Work instruction:
Give all of the listing again word for word, with images excluded.
=== The data ===
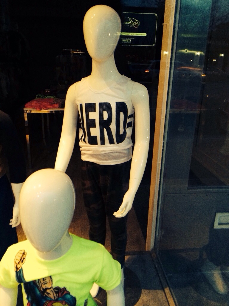 3. Perhaps this is meant to be worn ironically? Is it ironic if a school yard bully wears a t-shirt with “NERD” written on it, perhaps while giving a wedgie to the kid in the Superman shirt in the display? Yes, that would be ironic. However, if bullies were actually paying attention to the definition of “irony” in English class, they would themselves be knowledgeable enough to qualify as nerds by their own definition, meaning the shirt could not possibly be worn ironically by them.
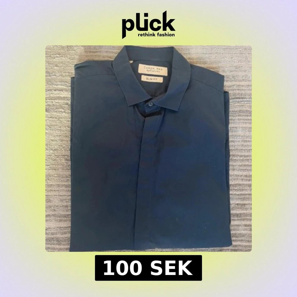 En marinblå skjorta i slim fit modell. På skjortan står det att det är storlek XL men jag skulle säga att den motsvarar mer en M storlek. Fin marinblå färg som inte är urtvättad. Axelmått 40 cm Längd 73 cm
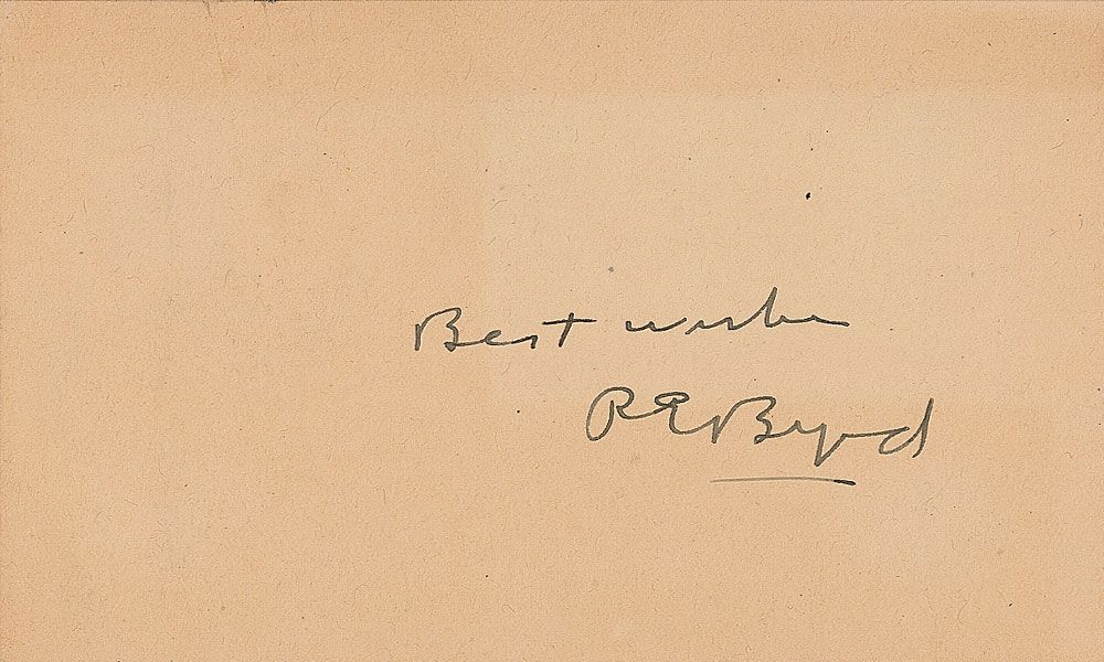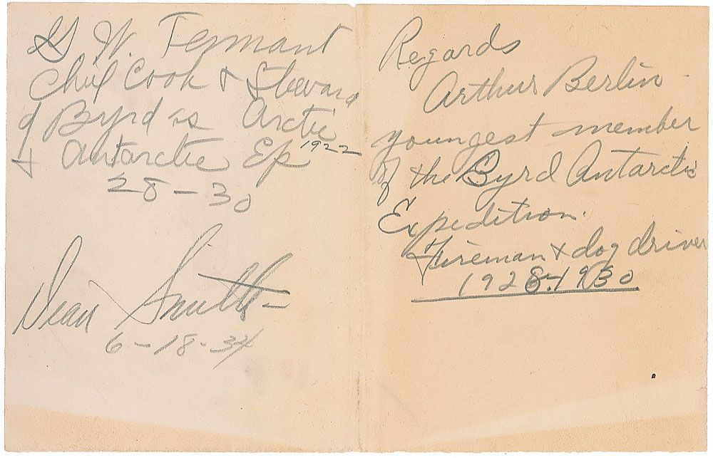 Two items: one ink signature, “Best wishes, R. E. Byrd,” on an off-white 5 x 3 card; and pencil signatures of three members of his expedition—Dean Smith, G. W. Tennant, and Arthur Berlin—on an off-white 8.5 x 5.5 sheet. Scattered toning, otherwise fine condition.
===
Written answer:
 3. Perhaps this is meant to be worn ironically? Is it ironic if a school yard bully wears a t-shirt with “NERD” written on it, perhaps while giving a wedgie to the kid in the Superman shirt in the display? Yes, that would be ironic. However, if bullies were actually paying attention to the definition of “irony” in English class, they would themselves be knowledgeable enough to qualify as nerds by their own definition, meaning the shirt could not possibly be worn ironically by them.
 En marinblå skjorta i slim fit modell. På skjortan står det att det är storlek XL men jag skulle säga att den motsvarar mer en M storlek. Fin marinblå färg som inte är urtvättad. Axelmått 40 cm Längd 73 cm
 Two items: one ink signature, “Best wishes, R. E. Byrd,” on an off-white 5 x 3 card; and pencil signatures of three members of his expedition—Dean Smith, G. W. Tennant, and Arthur Berlin—on an off-white 8.5 x 5.5 sheet. Scattered toning, otherwise fine condition.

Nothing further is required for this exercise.